В хвост горящего поезда заехал паровоз. Звякнула автосцепка. Можно оттаскивать. Но состав был еще единой, прочной цепью. Несколько секунд длилось замешательство. Все ждали команды. А ее не было — Топырев еще не решил, как отцепиться от горящей цистерны. Работать с ней сейчас означало идти на риск, — человек погибнет в бушующем огне. Отцеплять вместе с соседней цистерной значило отдать огню обе.
В мгновения замешательства Гришка подставил себя под водяную струю. Мокрый, он медленно полез к автосцепке. Даже слишком медленно! Сквозь дым и ревущее пламя у самых оголившихся от снега шпал были видны лишь его ноги. И упал. На выручку, прилипая к земле, пополз Топырев. Он увидел, как Гришка вертел головой. Задыхался. Не знал, куда двигаться. Ему на спину падали с цистерны большие капли, облепленные курчавым огнем. Увидел Топырева, протянул руку. Так, рука в руке, они и выползли на междупутье. Их встретил водяной поток. Не понять, то ли одежда исходила дымом, то ли начала парить.
— Пускай едет… готово… — откашливаясь, сказал Гришка, подымаясь на ноги.
Кто-то побежал к паровозу.
— Надо к сцепке… с другой стороны! — закричал Топырев, ладонью смазывая с лица грязную от копоти воду.
И сразу несколько человек бросились к другому концу пылающей цистерны.
— Как он успел открыть люк… — сказал Топырев и покачал головой, удивляясь поступку Дедюха. Скверно вышло бы. И с этим составом и с соседними. Взорвались бы… Кругом бензин.
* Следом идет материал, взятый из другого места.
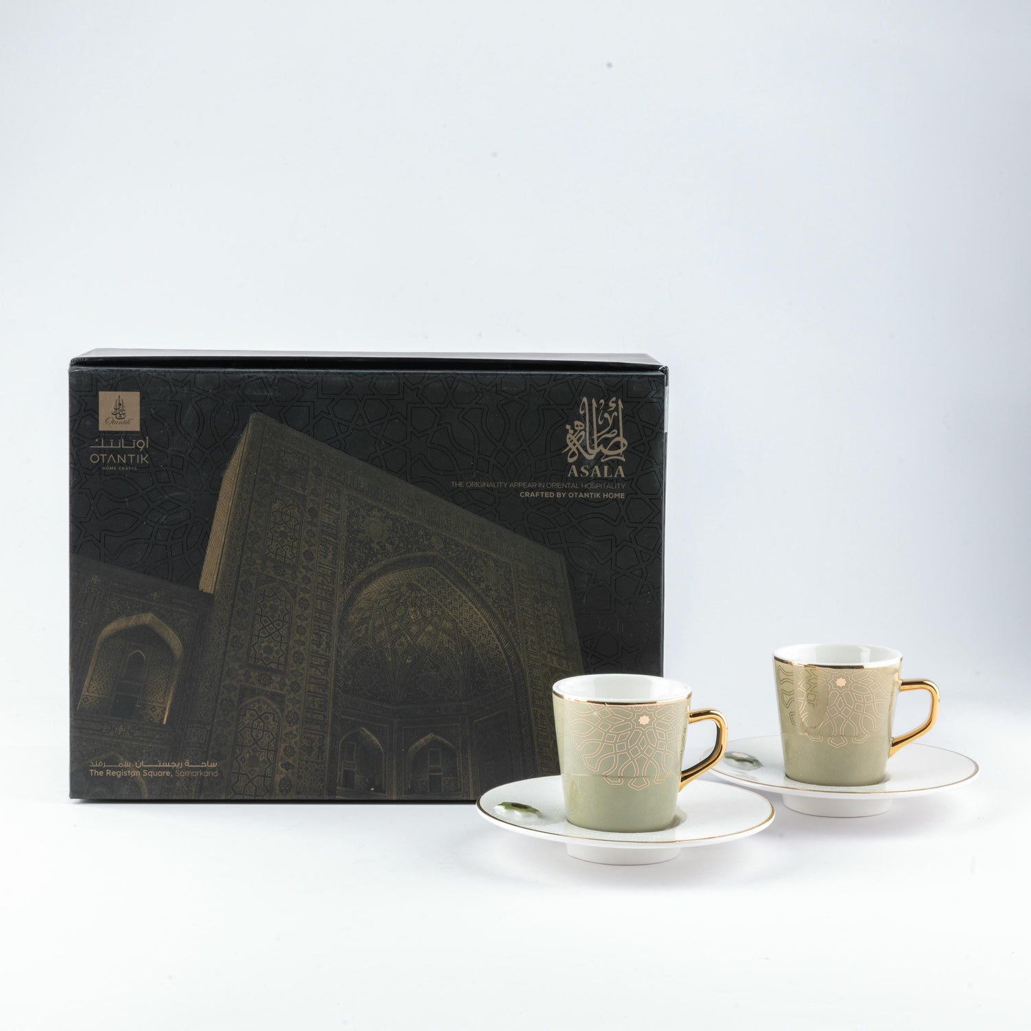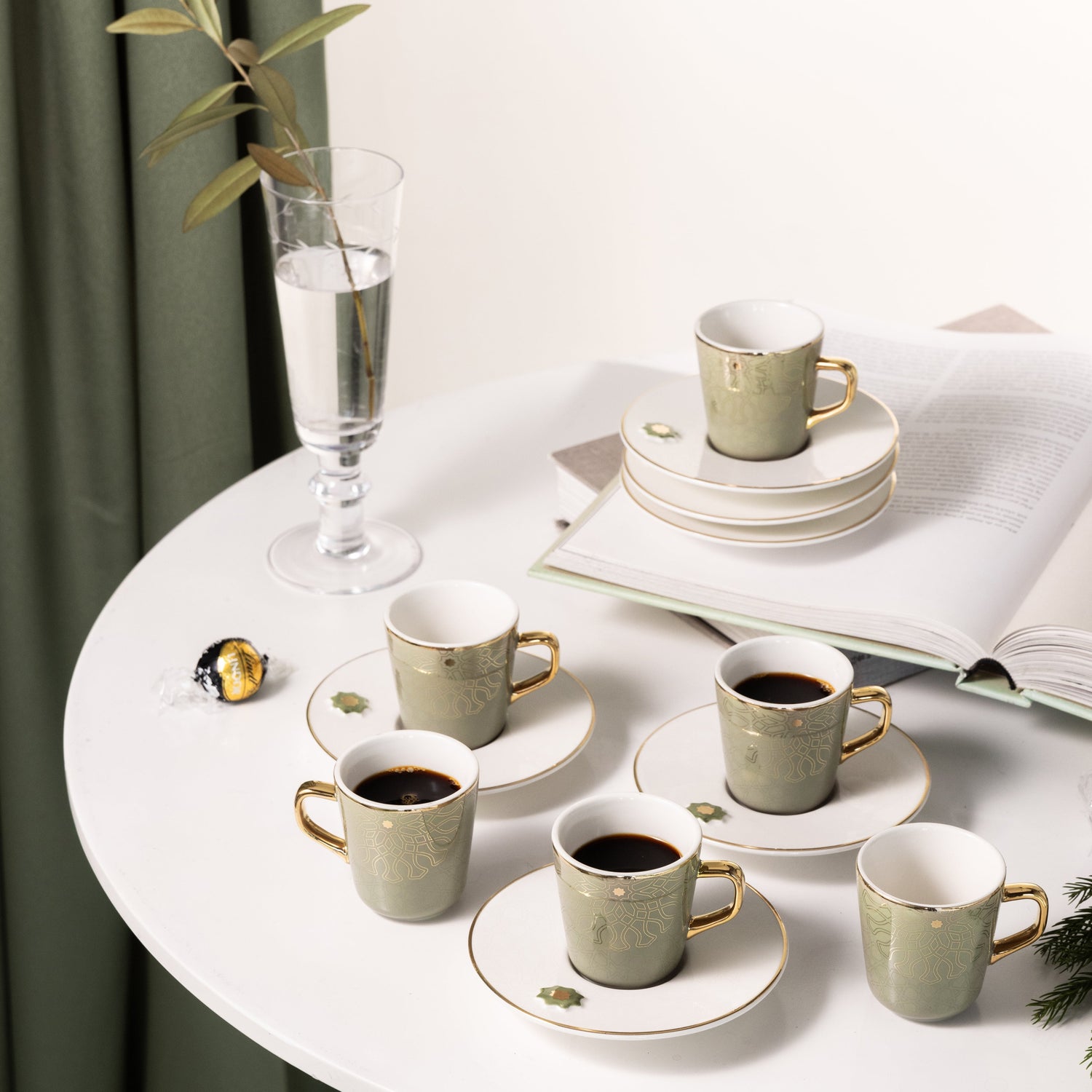 Asala - Esspresso/Turkish Coffee Set (12-Pc) - Olive Green & Gold

От деловитого рассуждения стало спокойнее всем, кто помогал тушить его полушубок. И даже показалось, что самое страшное позади. Но цистерна по-прежнему гудела, держала людей на почтительном расстоянии. Лед на междупутье растаял, шлак перемешался с песком, высох и закоптился. Концы шпал, выглядывающие из-под рельсов, ярко горели и ядовито дымились.
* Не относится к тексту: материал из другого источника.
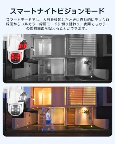【デュアルレンズ デュアル画面 360死角なし】300万画素300万画素 防犯カメラ屋外防犯カメラの監視範囲は限られており、片側の映像しか確認できず、反対側が見えないことを心配されていませんか?当社の屋外防犯カメラは、最新のデュアルレンズ設計を採用しており、固定レンズと回転レンズの2つを搭載しています。この防犯カメラは水平方向に355、垂直方向に90回転可能で、リアルタイムの分割画面表示にも対応しています。これにより、見たい場所を自在に確認でき、360全方位の視界を確保し、死角のない監視が実現します。家の内外を問わず、パノラマビューを同時に確認でき、オンラインでも視聴が可能です。これにより、家全体を真に監視し、家族の安全をしっかりと守ります
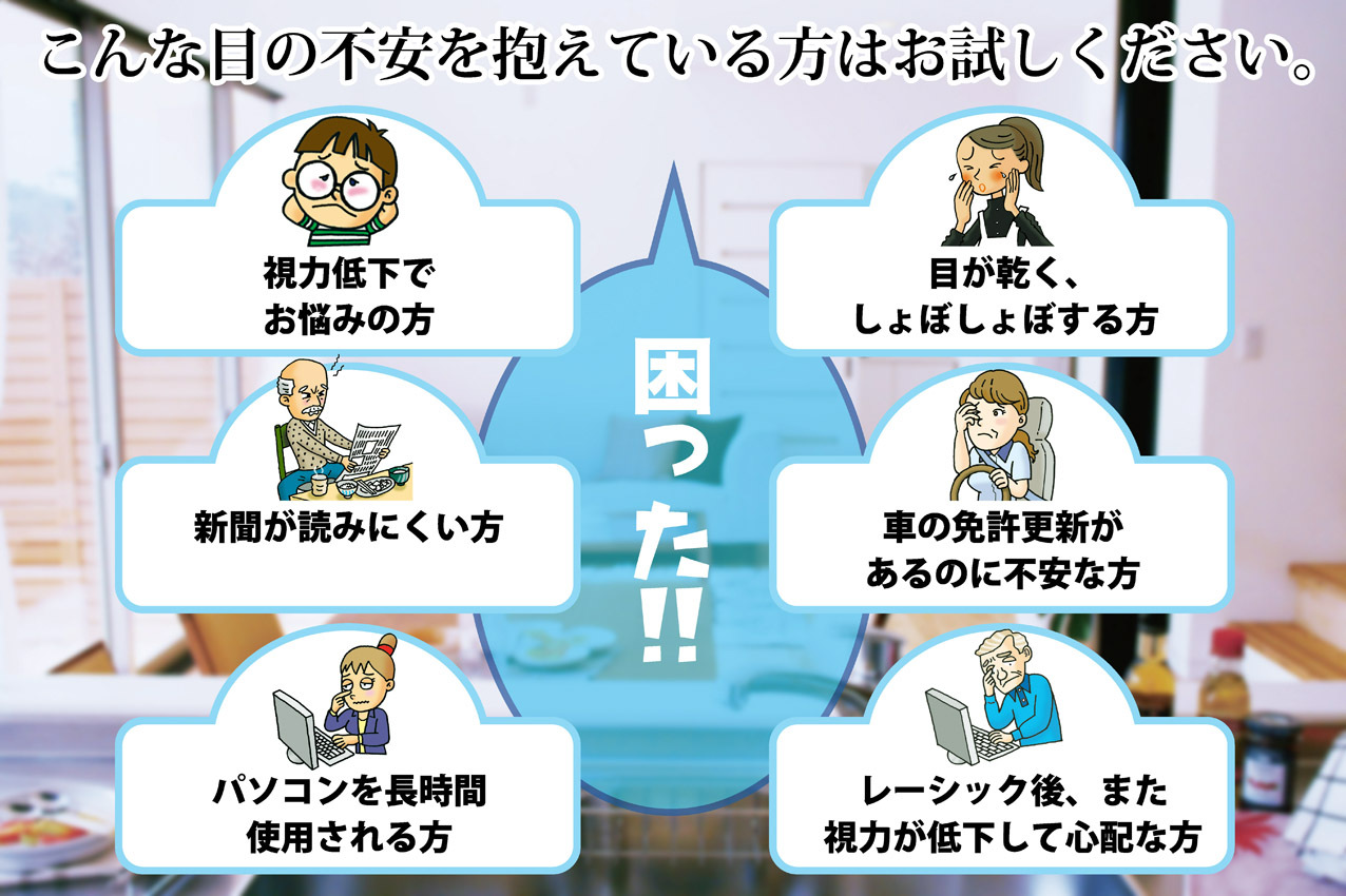 目の疲れがつらい方、視力低下でお悩みの方、メガネやコンタクトレンズが目に合わない方、ぼんやり見える方、パソコンを長時間使われる方、朝と夕方で見え方が違う方など、年齢には関係なくご使用いただけます。

Две хвостовые цистерны отъехали тихо, словно боясь, что воздушная волна унесет с собою огонь. Лишь метрах в пятидесяти от пожара машинист длинно прогудел и рванул, набирая скорость к выходным стрелкам. Вскоре так же медленно отъехала головная часть поезда. На соседнем пути показался паровоз — началась уборка составов из опасной зоны.
…Кто-то принес «пользительное» облепиховое масло. Но сердитый неразговорчивый врач отобрал баночку. Спиртом он оттер копоть, промазал желтой мазью ожоги на руках Топырева и Матузкова, осмотрел всех, кто тушил пожар.
— Теперь можно облепиху, — сказал врач и вернул баночку с горлышком, обтянутым красной резинкой.
Переодевались в сухие спецовки в тесном кабинетике Топырева.
— Как Дедюх? — спросил Гришка.
Топырев набрал телефон больницы. Ему сказали, самочувствие удовлетворительное, недельки две придется полежать.
Врач заканчивал свои дела, когда появился капитал милиции Малахов. Не приказывал, ничего не требовал, а только сказал:
— Если можно, побеседуем сейчас.
Никто не ушел. Даже врач. Все насторожились. В узком помещении пункта технического осмотра вагонов задымили папиросы.